Stored dataset items
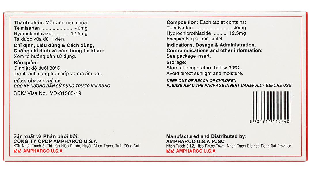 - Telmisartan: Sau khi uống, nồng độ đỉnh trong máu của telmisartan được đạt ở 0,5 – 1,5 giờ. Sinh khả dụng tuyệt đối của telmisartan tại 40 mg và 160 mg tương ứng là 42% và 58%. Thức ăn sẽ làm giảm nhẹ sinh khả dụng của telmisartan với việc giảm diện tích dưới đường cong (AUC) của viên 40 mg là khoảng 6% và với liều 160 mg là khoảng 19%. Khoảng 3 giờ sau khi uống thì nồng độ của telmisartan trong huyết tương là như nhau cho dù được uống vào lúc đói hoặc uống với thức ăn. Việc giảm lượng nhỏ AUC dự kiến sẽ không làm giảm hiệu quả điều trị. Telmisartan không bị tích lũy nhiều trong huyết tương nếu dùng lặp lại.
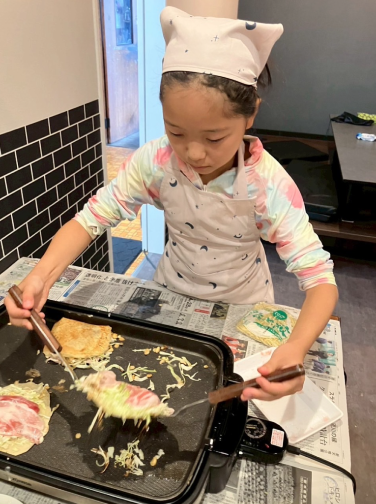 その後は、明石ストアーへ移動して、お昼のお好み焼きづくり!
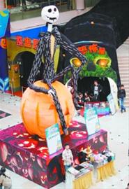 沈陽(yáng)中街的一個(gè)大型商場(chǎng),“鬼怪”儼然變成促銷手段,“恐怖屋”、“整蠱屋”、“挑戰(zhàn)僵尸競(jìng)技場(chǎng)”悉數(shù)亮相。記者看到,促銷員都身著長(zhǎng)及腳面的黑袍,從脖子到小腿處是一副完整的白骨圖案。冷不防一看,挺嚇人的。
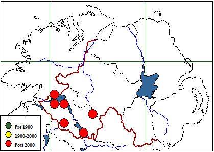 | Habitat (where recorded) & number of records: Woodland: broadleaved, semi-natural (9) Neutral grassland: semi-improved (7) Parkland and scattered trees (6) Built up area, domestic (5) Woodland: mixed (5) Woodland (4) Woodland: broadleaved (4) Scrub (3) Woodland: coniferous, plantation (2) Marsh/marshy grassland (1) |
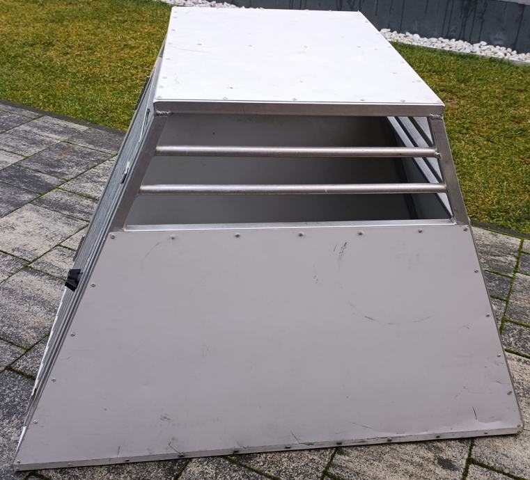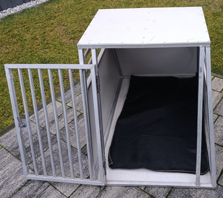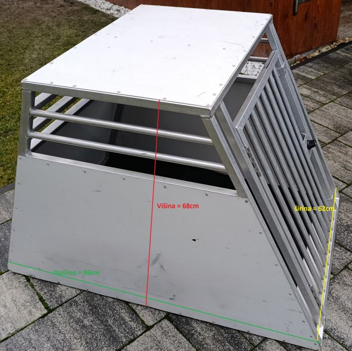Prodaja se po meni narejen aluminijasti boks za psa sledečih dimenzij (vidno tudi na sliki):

ACTIVITY:
Write out the lines that run from the line containing "grassland (1) |" to the end of the entries, inclusive, exactly as written. Skip every picture.

COMPLETED TASK:
 | Habitat (where recorded) & number of records: Woodland: broadleaved, semi-natural (9) Neutral grassland: semi-improved (7) Parkland and scattered trees (6) Built up area, domestic (5) Woodland: mixed (5) Woodland (4) Woodland: broadleaved (4) Scrub (3) Woodland: coniferous, plantation (2) Marsh/marshy grassland (1) |
Prodaja se po meni narejen aluminijasti boks za psa sledečih dimenzij (vidno tudi na sliki):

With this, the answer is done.